Typography and Religion in the De Stijl Movement

Carl Shank • July 8, 2025

The De Stijl (Dutch for “The Style”) typographical and art movement emerged around 1917 and significantly influenced modern art, design and thought itself. In the wake of the chaos of World War I, the movement sought to express a new vision of harmony and order. De Stijl was not just an art style, but a comprehensive aesthetic philosophy. It sought universal beauty, as abstracted from individual beauty, and a visual language and typography based on simplicity, geometry and primary colors, namely red, blue and yellow. 
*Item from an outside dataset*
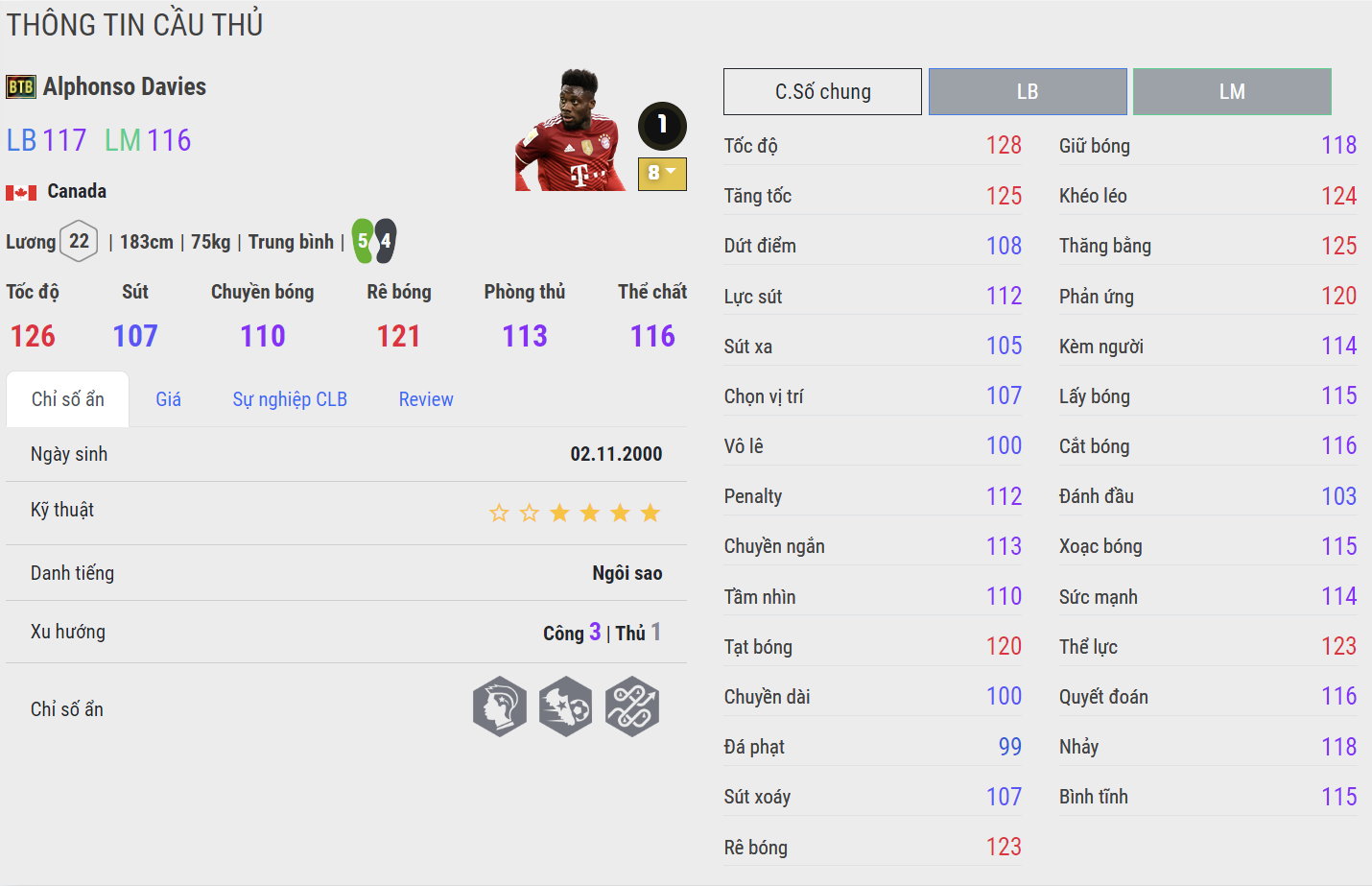 Alphonso Boyle Davies là một cầu thủ bóng đá chuyên nghiệp người Canada hiện đang thi đấu ở vị trí hậu vệ trái hoặc tiền vệ cánh cho câu lạc bộ Bundesliga Bayern Munich và là đội trưởng của đội tuyển bóng đá quốc gia Canada.

Its core characteristics were the use of straight horizonal and vertical lines, the use of rectangles and squares, an emphasis on asymmetry, and the favoring of pure abstraction. De Stijl was deeply influenced by the philosophy of Neo-Plasticism, a theory developed by Piet Mondrian, which sought to depict reality in a pure, universal form. Behind this philosophy was the religious thrust of Theosophy, particularly the spiritual writings of Helena Blavatsky (1831–1891) and Rudolf Steiner (1861–1925). 


Typography and art have always been influenced by religious thought.(1) The early monks before Gutenberg’s printing press, carefully penned religious inspired versals (opening letters to written works). The Lindisfarne Gospels composed in the eighth century featured fantastic hand-crafted art and lettering. Printers in the Gutenberg era wrote books with what are called “printers’ marks,” symbolizing the cross of Christ with a globe and initials at the bottom indicating a humble submission to the Lordship of Jesus Christ over the earth and its inhabitants, inclusive of the printers themselves.(2)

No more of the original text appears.